# Would these shelves be suitable for a hamster?



## ForestWomble (May 2, 2013)

Platforms | Totally Degu - Fun stuff for small pets.


A great range of shelves for your small animals cage. Easy to fit these platforms will be a fun, enriching addition to the cage environment.




totallydegu.co.uk





They are made of recycled cardboard, which of course is safe, but they are covered in jute cloth, is that safe for a hamster to chew on (a quick google search isn't helping me)?

Also could I stand a wheel on a shelf or a sand bath? 

Thanks.


----------



## Deguslave (12 mo ago)

I'm not sure they'll stand the weight of a wheel or sand bath as they are heavy items. Also bear in mind that if your hamster chews the shelves, will there be anything for the hamster to get caught up in such as loops, etc.


----------



## ForestWomble (May 2, 2013)

Deguslave said:


> I'm not sure they'll stand the weight of a wheel or sand bath as they are heavy items. Also bear in mind that if your hamster chews the shelves, will there be anything for the hamster to get caught up in such as loops, etc.


Thanks for your reply. 
Yeah, I wasn't sure they'd withstand much weight, that's fine I can find something else for those things. 
No idea re getting caught up in anything, that's partially why I asked on here, hoping someones used them and let me know if they are safe, especially if chewed.


----------



## Engel98 (Oct 7, 2018)

Jute is perfectly safe and is often used to suspend items in the cage. I don't think the shelves are big enough. What cage have you got?
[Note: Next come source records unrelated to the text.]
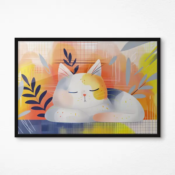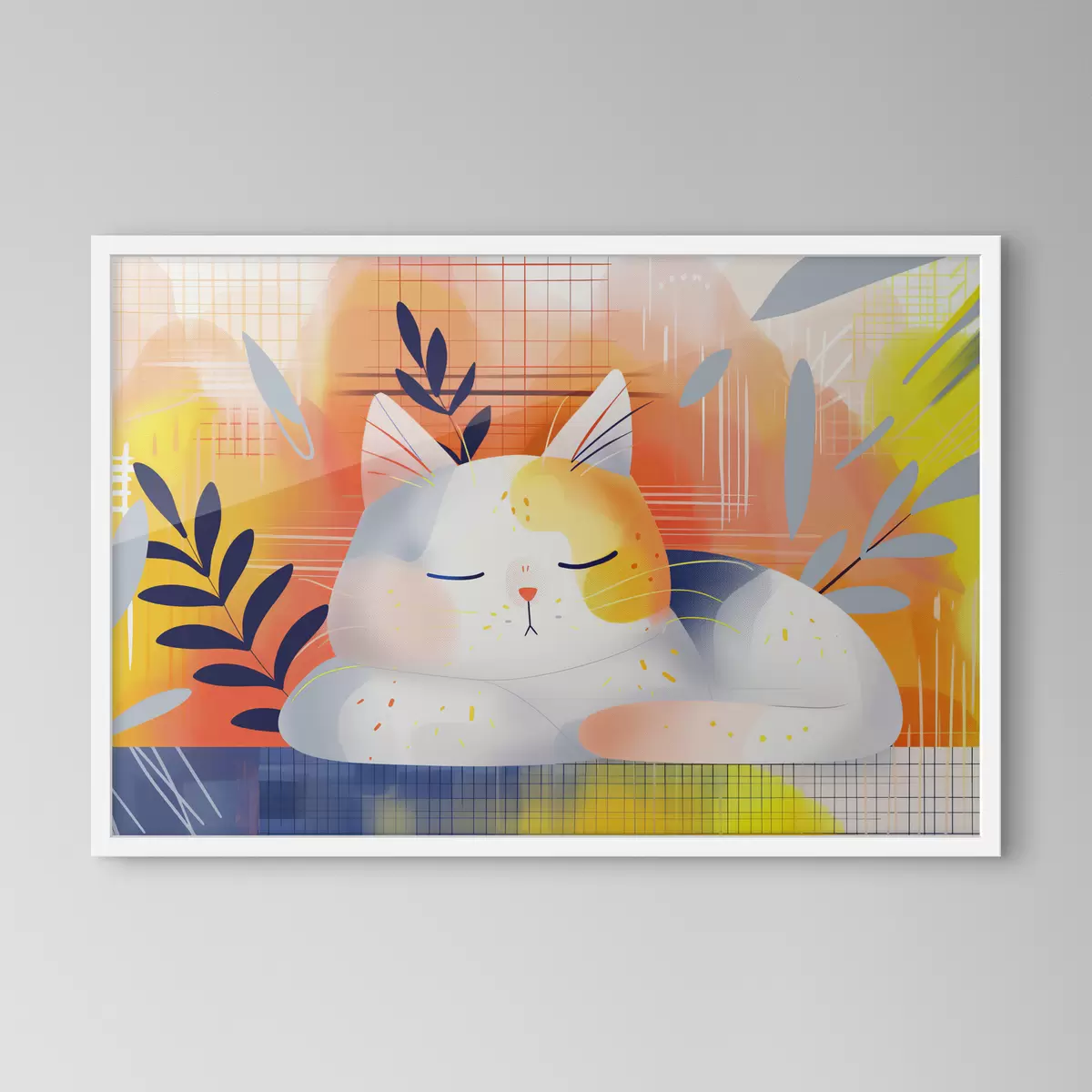 Poster Een schattige kat slapend tussen de planten in een grafische stijl Nr f40956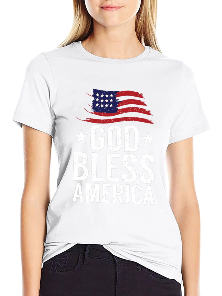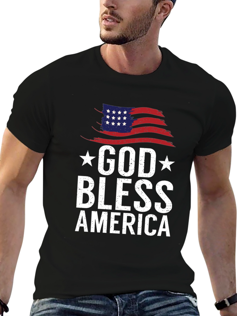 Show your American pride with this stylish black t-shirt! The design features a distressed American flag graphic, a bold "GOD BLESS AMERICA" print in white, and stars that add a patriotic touch. Made from a comfortable-looking fabric, this short-sleeved shirt is perfect for everyday wear. Ideal for celebrating national holidays, showing your support for the USA, or simply expressing your love for your country. A great addition to any casual wardrobe.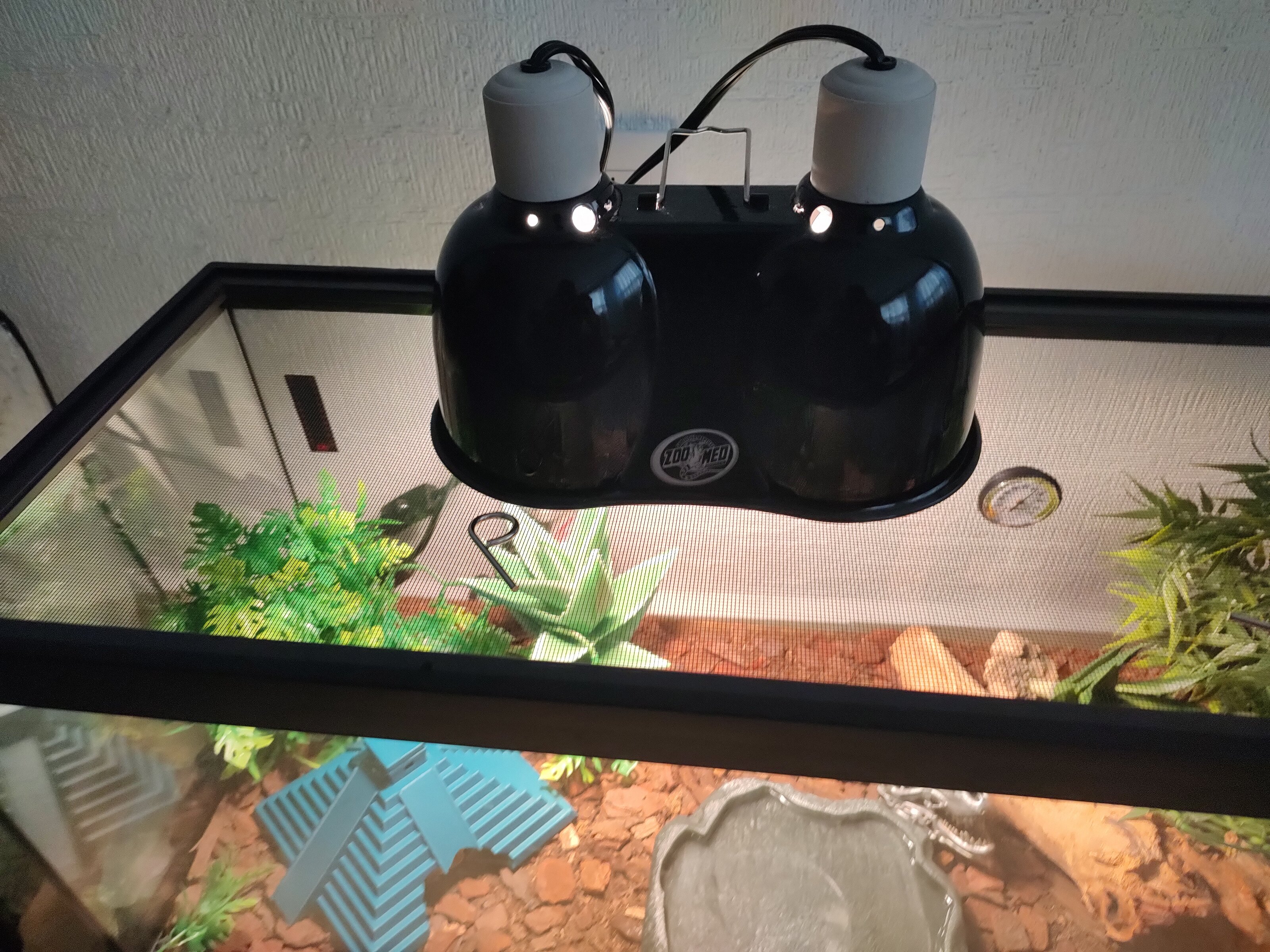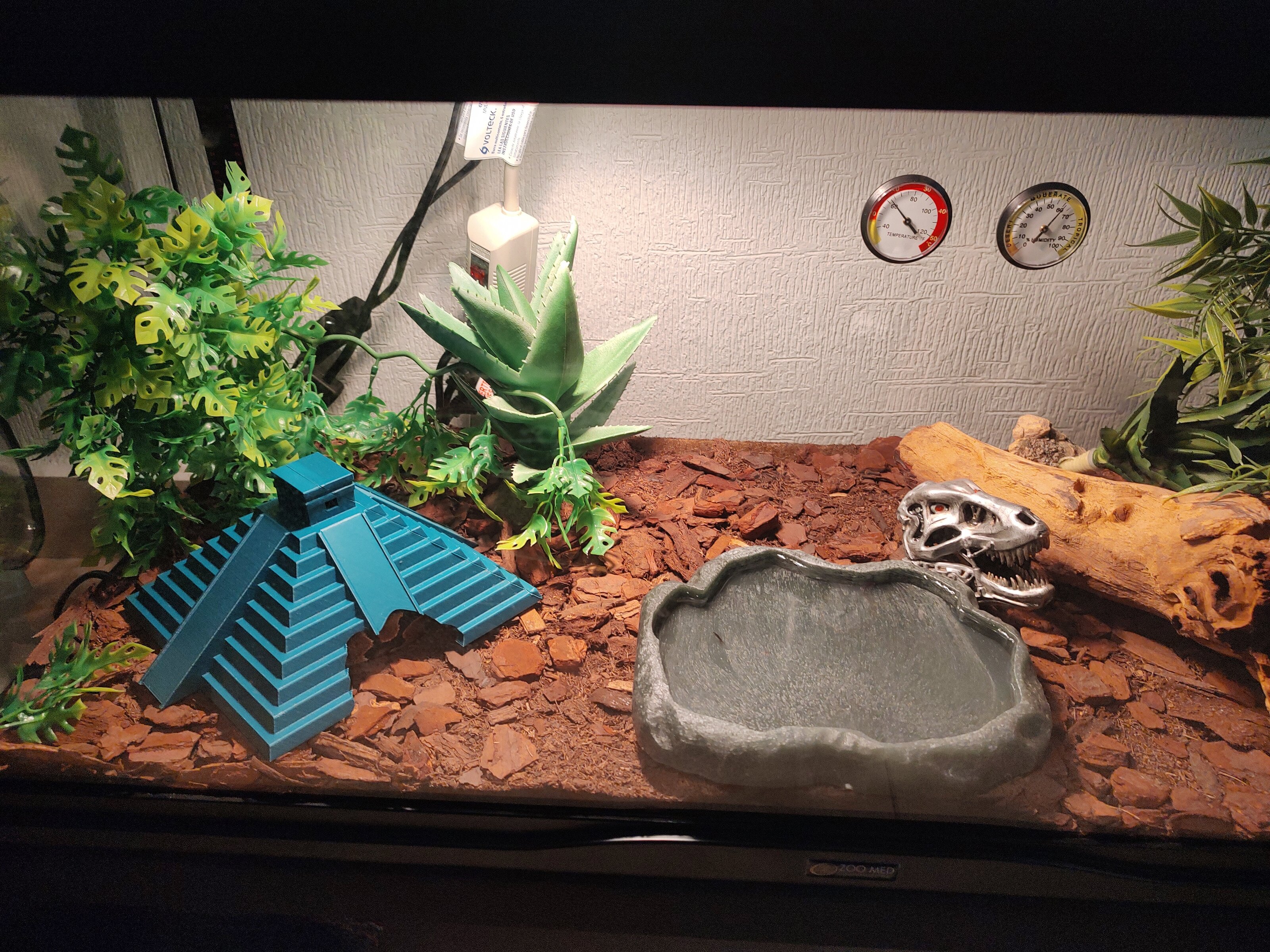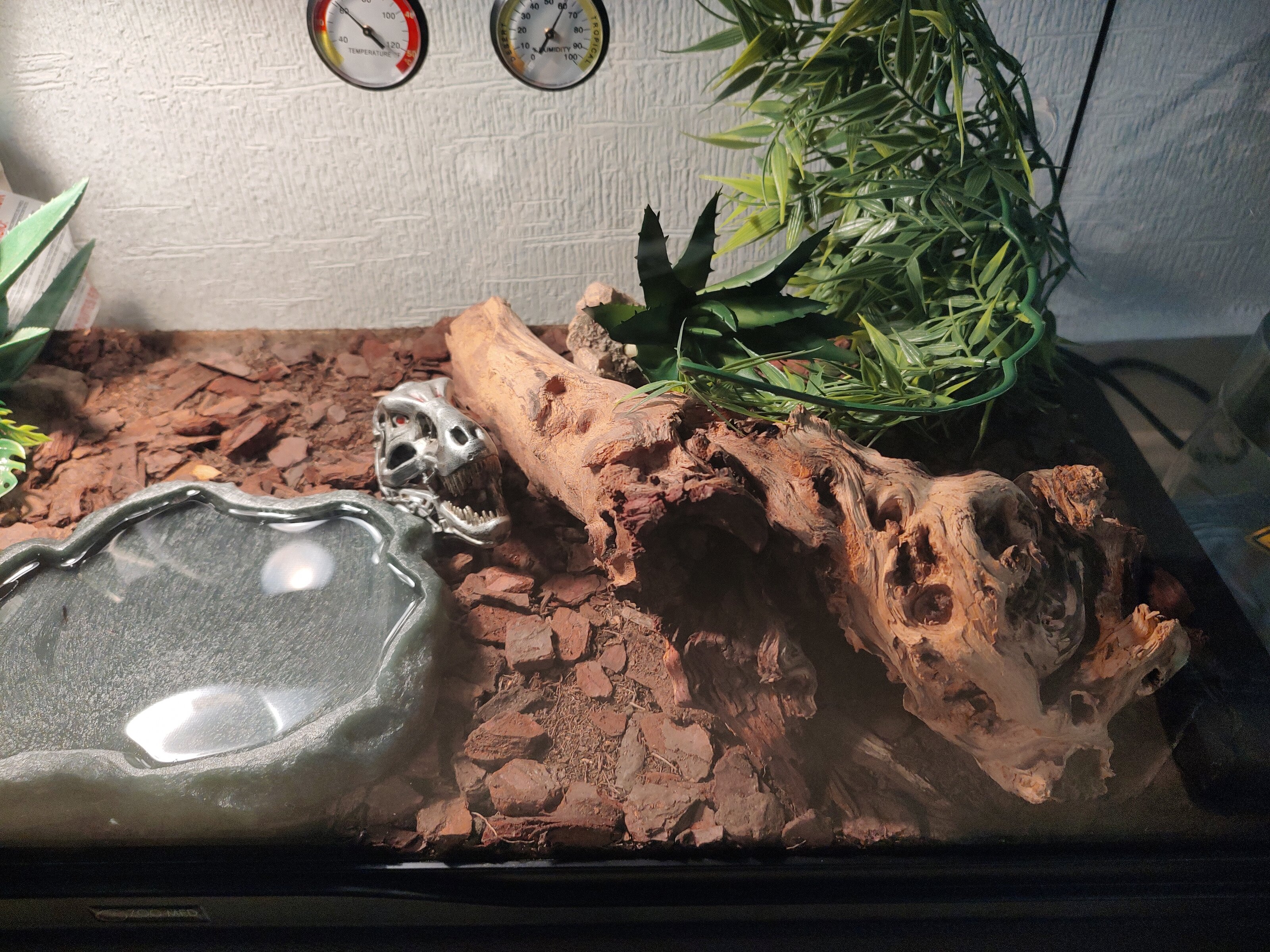 Tiene 3 semanas con el sustrato de coco y viruta de madera media, la he mantenido con su foco calentador, placa termica por debajo y su foco UV, los focos solo durante el día y casi diario le agrego agua con un atomizador regular, la humedad suele estar entre el 50 y 60% algunos días sube más pero nunca baja del 40%, donde vivo la temperatura es baja así que nunca apagó la placa termica y le doy baños de agua tibia a 34° - 30°, pasado ayer fue la primera vez que le di un ratón de adulto porque con el ratón de subadulto le da mucha hambre en vez de comer a los 8 o 10 días como me dijeron a los 5 días andaba buscando comida

You can get sand baths on stilts so you needn't worry about having a squashed hamster. 

I currently have a robo and have an acrylic tray on dowels for a sand bath and his wheel suspended from a bendy bridge. When I had a Syrian I had a medium sized ceramic dog bowl (sand bath) on top of a sturdy multi-chamber hide. Wheels I try and attach to the cage walls using jute or zip ties (I have used wire when I had a chewer but normally jute string is enough).


----------



## ForestWomble (May 2, 2013)

Thanks
Won't bother with those then. 

I have a Falco.


----------



## Engel98 (Oct 7, 2018)

ForestWomble said:


> Thanks
> Won't bother with those then.
> 
> I have a Falco.


Oh, do you no longer have the gerbils?
I'd look at attaching the wheel to the wire. The plastic Trixie style wheels are easy to attach to the bars (normally upside down, but have done sideways). What species of hamster have you got/going to get?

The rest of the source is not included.